ABPM was performed for 24 hours using the Mobil-O-Graph device (IEM GmbH, Germany) at enrollment and one month later. A BP cuff was placed on the participant’s non-dominant arm and the recorder was secured around the waist. The ABPM was programmed to measure BP every 30 minutes while awake and 60 minutes during sleep. Sleep times to inform awake and sleep periods during ABPM measurement were quantified using 24-hour actigraphy with the Micro Motionlogger® Watch (Ambulatory Monitoring Inc, Ardsley, NY), and complemented by self-report.

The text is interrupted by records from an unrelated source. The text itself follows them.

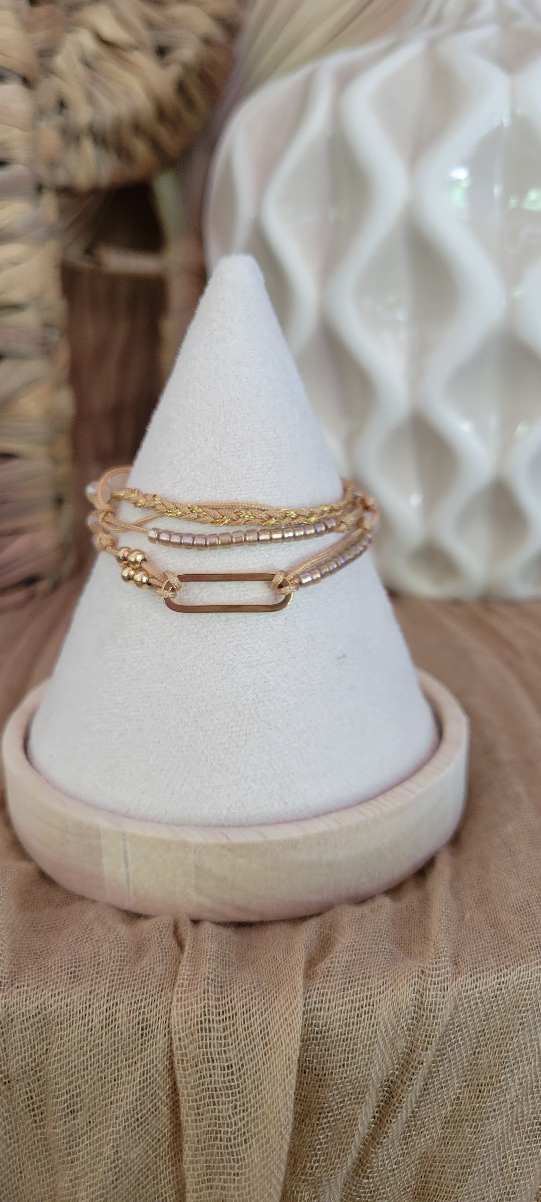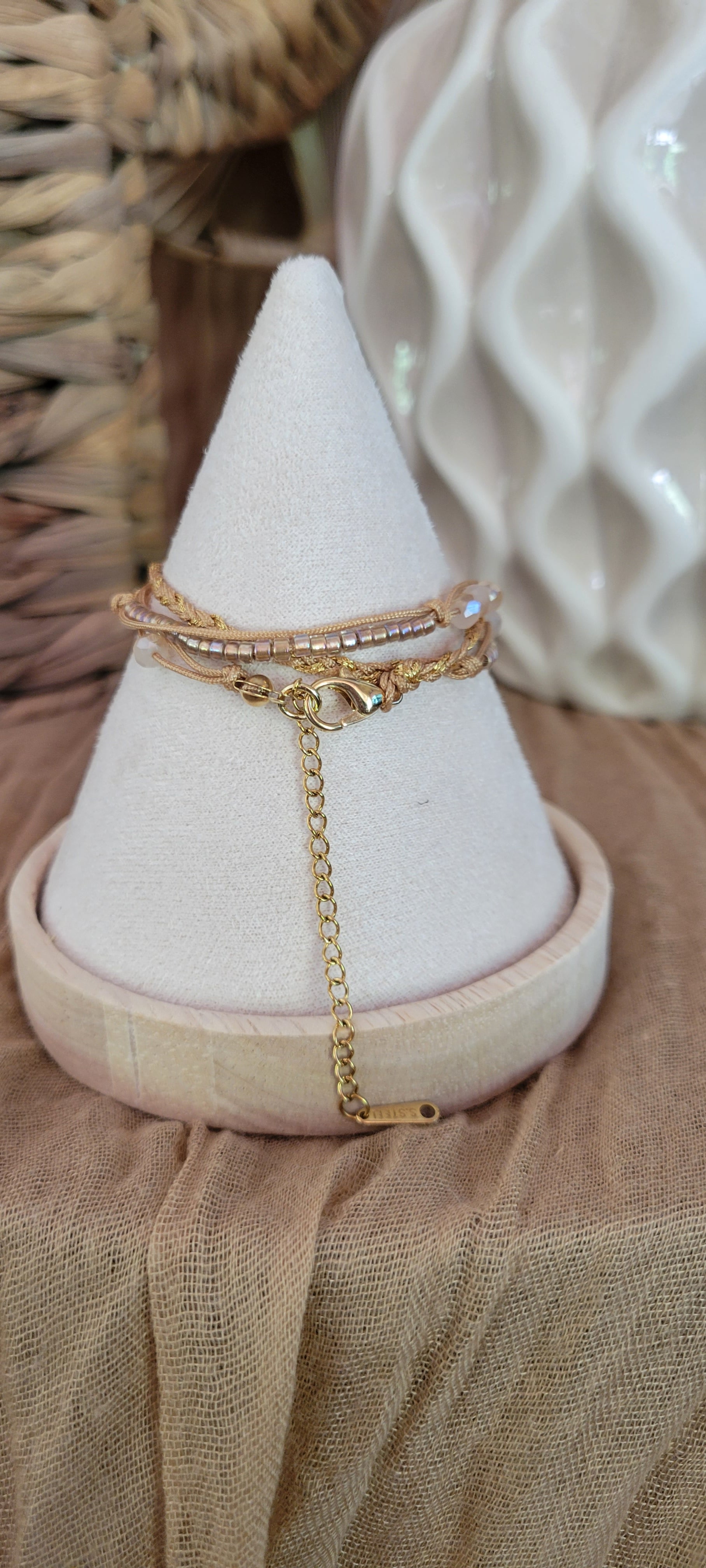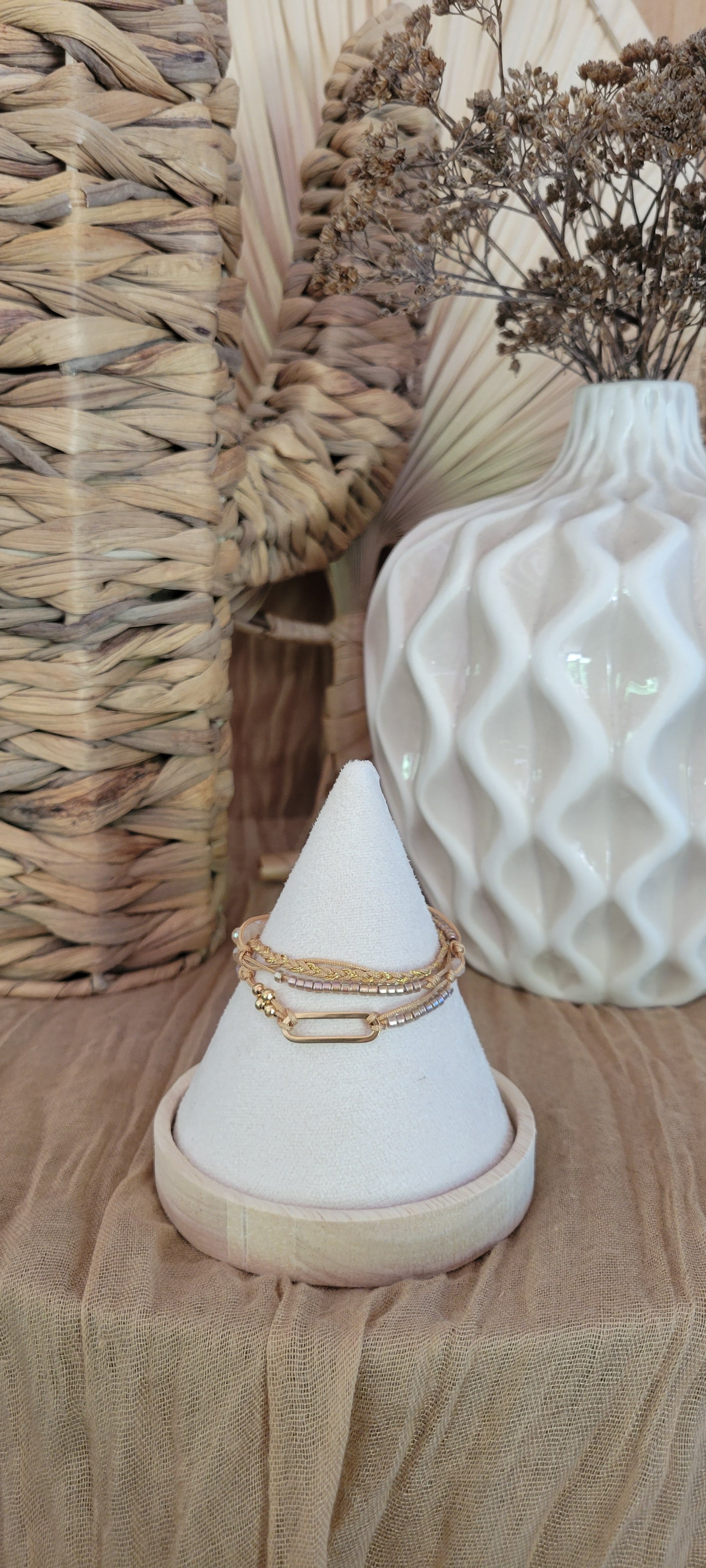 Laissez-vous séduire par Soléa, un bracelet trois tours composé de perles fines, de fils tressés et de touches dorées. Il capte la lumière avec élégance et douceur. A porter seul ou en accumulation, soléa modernité et raffinement. Un bijou lumineux pensé pour sublimer votre quotidien comme vos occasions spéciales.
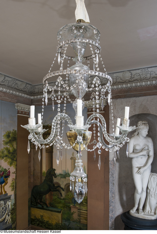 Lüster in venezianischer Art. Mittelstab mit drei Glaskörpern unterschiedlicher Größe verkleidet. Darunter ein vergoldetes, kelchförmiges Zwischenstück, an dem 6 geschwungene, facettierte Leuchterarme mit blütenförmigen Glastropfschalen ansetzen. Unterer Abschluß des Mittelstabes mit 4 scheibenförmigen Glasgliedern verkleidet, 3 davon gerippt. Darunter befindet sich ein glockenförmiger Glaskörper mit Randbehang aus 6-eckigen Lüstersteinen und Eisbirnel; mittig ein großer, geschliffener Glastropfen an Bronzeaufhängung. Über den Leuchterarmen zwei Glasreifen, der obere kleiner. Die Reifen bestehend aus einem Bronzegestell, das mit Lüstersteinen verkleidet ist. Oberster Abschluß in Form eines nach unten weisenden schalenartigen Glaskörpers. Lüsterketten verbinden die Reifen miteinander, die Leuchterarme untereinander sowie diese mit den Reifen. Sparsamer Behang aus Eisbirnel und Lüstersteinen unterschiedlicher Form.
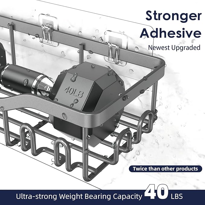- Newest Upgraded Stronger Adhesive Bathroom Caddy: The transparent traceless adhesives give ultra-strong reliability with up to 40 lbs of bearing weight, which is tested by professional institutions. The bathroom shower organizer has twice the load-bearing capacity of the old version. NESOMI bathroom shelf can be installed without drilling. The storage shelves will never worry about falling issues after proper installation, and make your family space use to the extreme
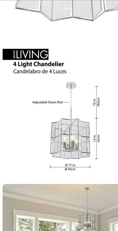 Illuminate your space with this brand new Décor Living 4-Light Chandelier, featuring a polished chrome finish and crystal accent shades. It's designed for 4x 60W Max E26 bulbs, providing ample light and a touch of elegance to any room. This is a brand new chandelier, never used and still in the original packaging. Spruce up your dining room or living space with this gorgeous lighting fixture!
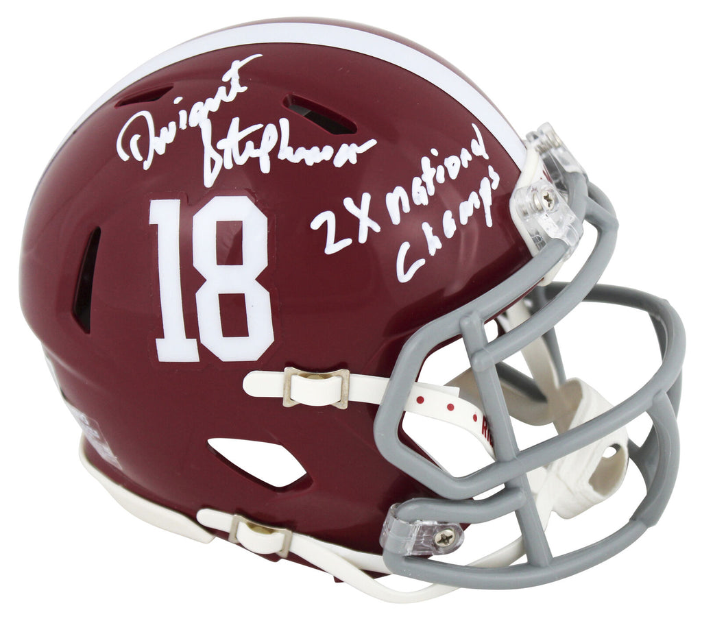 This Autographed Speed Mini Helmet with the inscription of "2x National Champs" has been Personally Signed by Dwight Stephenson of the Alabama Crimson Tide. This item is 100% Authentic to include a hologram by Beckett Authentication Services. This item will come with an affixed Beckett Authentication Services (BAS) authentication sticker, which includes a scannable QR code to verify authenticity. Please note that Beckett no longer provides serial-numbered COA cards, and the attached BAS sticker will serve as the complete authentication for this item. This is a BAS Witnessed Protection Program item which means a Beckett Authentication Service representative was present when this item was being signed. We conducted an autograph signing with Dwight Stephenson where multiples of the same item were signed. While the photographs are representative of this item, the size, placement and strength of the signature may vary. Each item is hand signed, therefore, each autograph is unique. This item can be verified through BAS Witnessed.
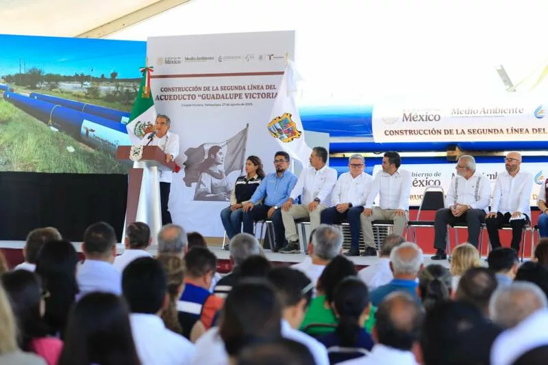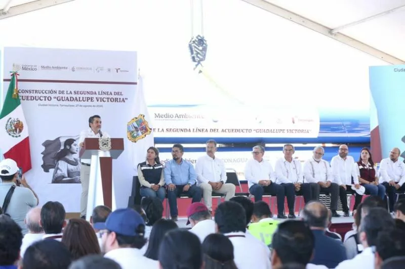 “Este día estamos frente a una obra que tiene memoria y futuro, ya que hace 38 años el ingeniero Américo Villarreal Guerra inició la construcción de la primera línea del acueducto, que por décadas nutrió de agua a nuestra capital. Hoy, su hijo retoma ese legado y lo proyecta hacia el futuro, consolidando una segunda línea que asegurará el suministro del vital líquido para las generaciones presentes y futuras de Ciudad Victoria”, mencionó.
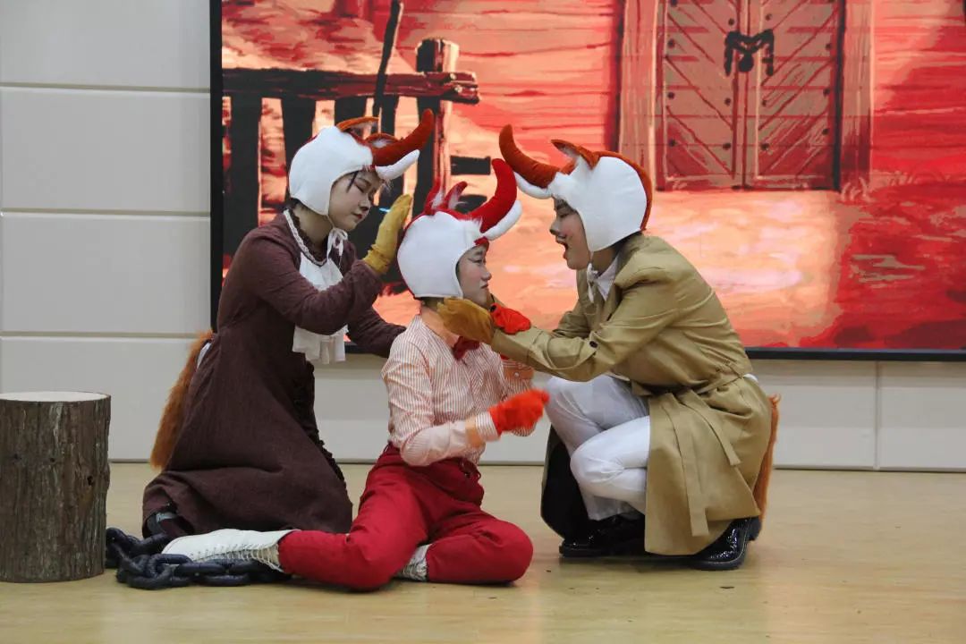 表演厅内,仙岩实验小学近300名小学生一个个探出脑袋、瞪大眼睛,只为了更近距离看到自己喜爱的角色。戏剧社成员们用精彩的表演将课本《金色的脚印》中的世界搬到了孩子们面前。一波三折的剧情让每位孩子心海起伏。他们为小狐狸的糊涂发出阵阵笑声,为正太郎保护小狐狸的爱心鼓掌,为正太郎与爸爸的亲情而感动,为美好的结局欢呼。虽然台上是“寒冷的冬天”,而孩子们却被剧中一个个细节温暖着。演出圆满结束,孩子们送上响彻会场的掌声;在主持人与孩子们的问答互动中,“保护小动物,保护大自然”、“相亲相爱的家人”等稚嫩的回答,悄悄播种在幼小的心灵。本次教育戏剧表演在孩子们依依不舍的目光中落下帷幕。
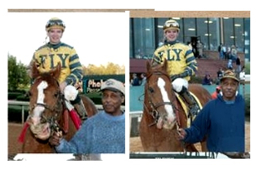 While I was digging manically browsing through the Internet a couple weeks ago desperately looking for pictures of Henry’s sire, I came across a couple of tiny photo collage proofs from his Oaklawn wins. I just about died of hysterical fits of the giggles when I saw these pictures. Meet Henry’s sire Skeet.
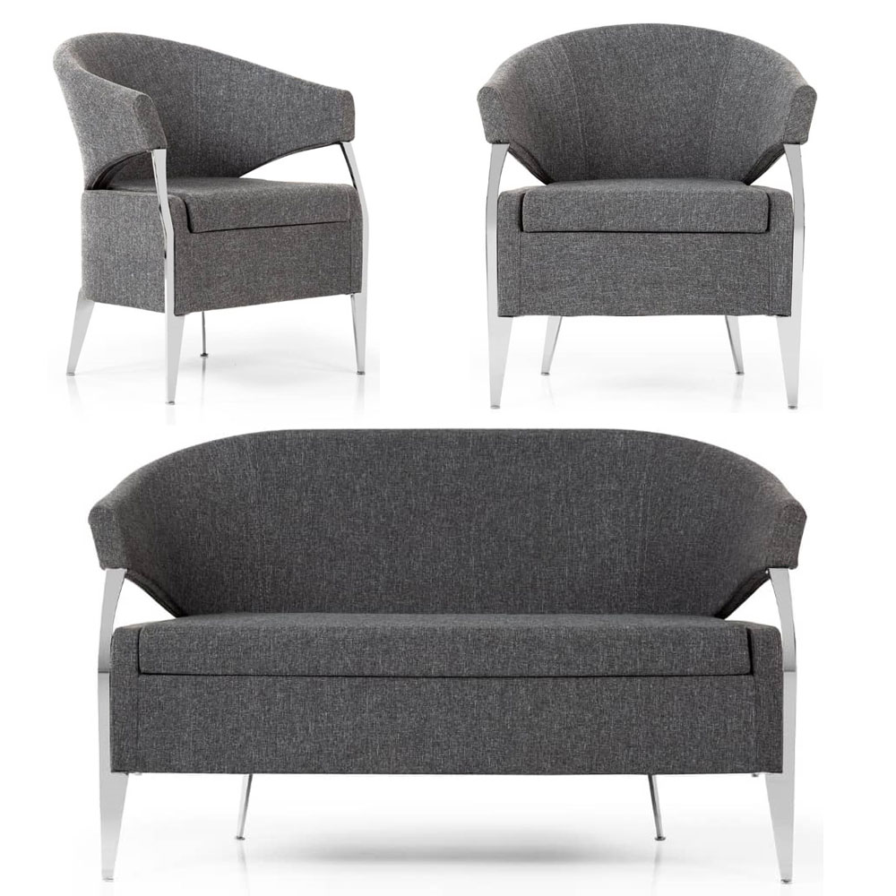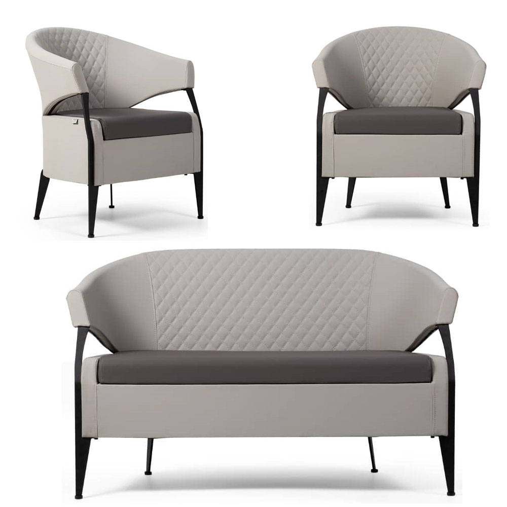 مبل نیم ست الکا Elkaاستراکچر تمام فلز - فوم سرد تزریقی - روکش چرم اسپرسو پارس یا روکش پارچه - پایه های فلزی - روکش استاتیک کوره ای - امکان تغییر رنگ پایه کروم یا فورتیک
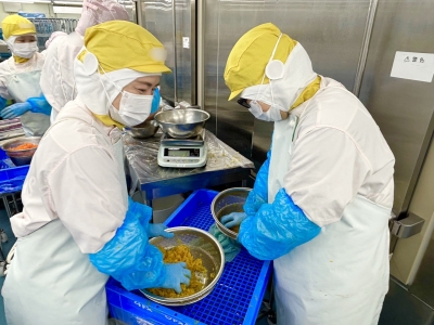 今月は毎日、巻きずしの具材となる「巻き芯」の部分を、レーンで盛り込む作業を行っています。

An ABPM recording was deemed complete if >70% of all scheduled systolic and diastolic blood pressure measurements were successful, with at least three valid recordings at night. Participants with at least one complete ABPM recording, at baseline or one month later, were included in the analysis. For those with complete ABPM measurements at both time points, the average of the two measurements was used. If two ABPM measurements were used, their respective office BP measurements were averaged. For those with only one complete ABPM recording, only the office BP measurement taken at the same time point was used. Mean awake and asleep BPs were calculated as the average of measurements taken while the participant was awake and asleep, respectively. Mean 24-hour BP was calculated using mean awake and asleep BP weighted to the amount of time the participant was awake and asleep. Hypertension was defined according to the ABPM results as 24-hour average systolic/diastolic BP ≥130/80 mm Hg, and/or awake average systolic/diastolic BP ≥135/85 mmHg, and/or asleep average systolic/diastolic BP ≥120/70 mmHg (23, 24). Nocturnal dipping percentage, percent change in BP from awake to asleep, was calculated as the average awake minus the average asleep BP divided by the average awake BP. Non-dipping was defined as a <10% dipping percentage (19).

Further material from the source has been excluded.